Exercise goal: Quote the listing below in full and exactly as written, but omit every picture.

Stored data:
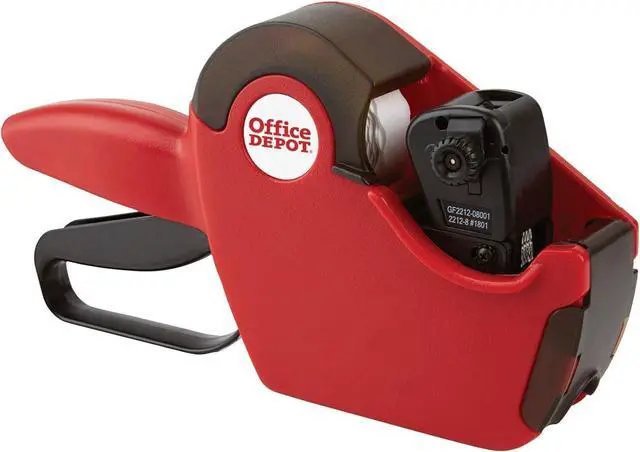 Office Depot Brand price marking labeler features a lightweight and easy to use comfortable design. Labeler comes pre-loaded with labels and ink roller. Prints up to 8 characters Fast label loading and easy application. Comes with 1-line labeler, 2 white label rolls and 1 red label roll. Each label roll contains 1,200 labels. Office Depot Model OD01-8 1-Line Labeler is compatible with Office Depot OD01-8 one-line labels - SKU's 3333494(White) and 9948090(Red)
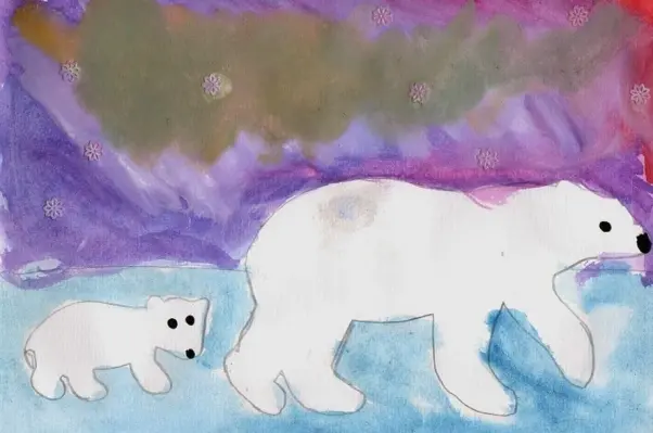 Представьте себе милого медвежонка, который исследует заснеженные просторы Севера. Он небольшого роста с пушистым белым мехом, который переливается на солнце. Медвежонок стоит на фоне кристально чистого голубого неба и бескрайних снега, его маленькие черные глаза полны любопытства. Вокруг него рассыпаны снежные холмы, и можно увидеть много больших кусочков льда, которые блестят, как драгоценности. У медвежонка в лапах может быть маленькая игрушка. Этот рисунок передает атмосферу беззаботного детства и красоту дикой природы Севера.
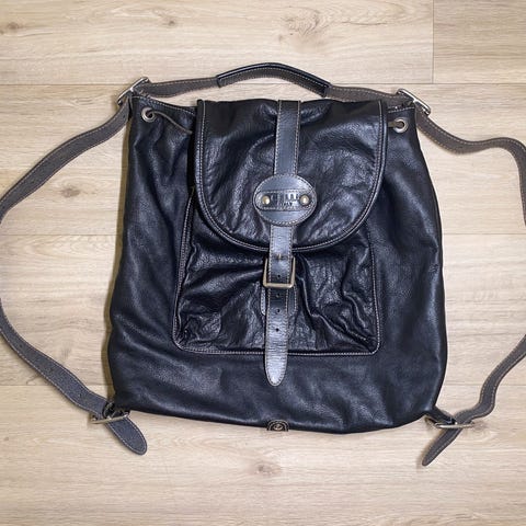 Vera Pelle nahkareppu, 27 x 22 x 10 cm. Viat kuvissa.
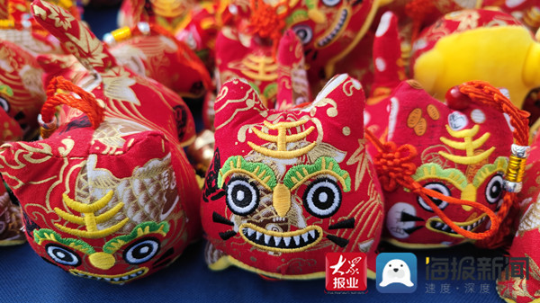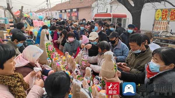 庙会上,映入眼帘的是琳琅满目的商品,耳旁传来此起彼伏的叫卖声,不远处,惠民特产展位前车水马龙,惠民泥塑、木版年画、柳编、木雕、布老虎,刺绣等特色产品使游客爱不释手,大家购买一对“泥娃娃”带回家,期待新的一年生活美满,家庭幸福。非遗传承人们用自己的拿手绝活,向前来逛庙会的群众展现这非物质文化遗产的独到韵味。

Written solution:
 Office Depot Brand price marking labeler features a lightweight and easy to use comfortable design. Labeler comes pre-loaded with labels and ink roller. Prints up to 8 characters Fast label loading and easy application. Comes with 1-line labeler, 2 white label rolls and 1 red label roll. Each label roll contains 1,200 labels. Office Depot Model OD01-8 1-Line Labeler is compatible with Office Depot OD01-8 one-line labels - SKU's 3333494(White) and 9948090(Red)
 Представьте себе милого медвежонка, который исследует заснеженные просторы Севера. Он небольшого роста с пушистым белым мехом, который переливается на солнце. Медвежонок стоит на фоне кристально чистого голубого неба и бескрайних снега, его маленькие черные глаза полны любопытства. Вокруг него рассыпаны снежные холмы, и можно увидеть много больших кусочков льда, которые блестят, как драгоценности. У медвежонка в лапах может быть маленькая игрушка. Этот рисунок передает атмосферу беззаботного детства и красоту дикой природы Севера.
 Vera Pelle nahkareppu, 27 x 22 x 10 cm. Viat kuvissa.
 庙会上,映入眼帘的是琳琅满目的商品,耳旁传来此起彼伏的叫卖声,不远处,惠民特产展位前车水马龙,惠民泥塑、木版年画、柳编、木雕、布老虎,刺绣等特色产品使游客爱不释手,大家购买一对“泥娃娃”带回家,期待新的一年生活美满,家庭幸福。非遗传承人们用自己的拿手绝活,向前来逛庙会的群众展现这非物质文化遗产的独到韵味。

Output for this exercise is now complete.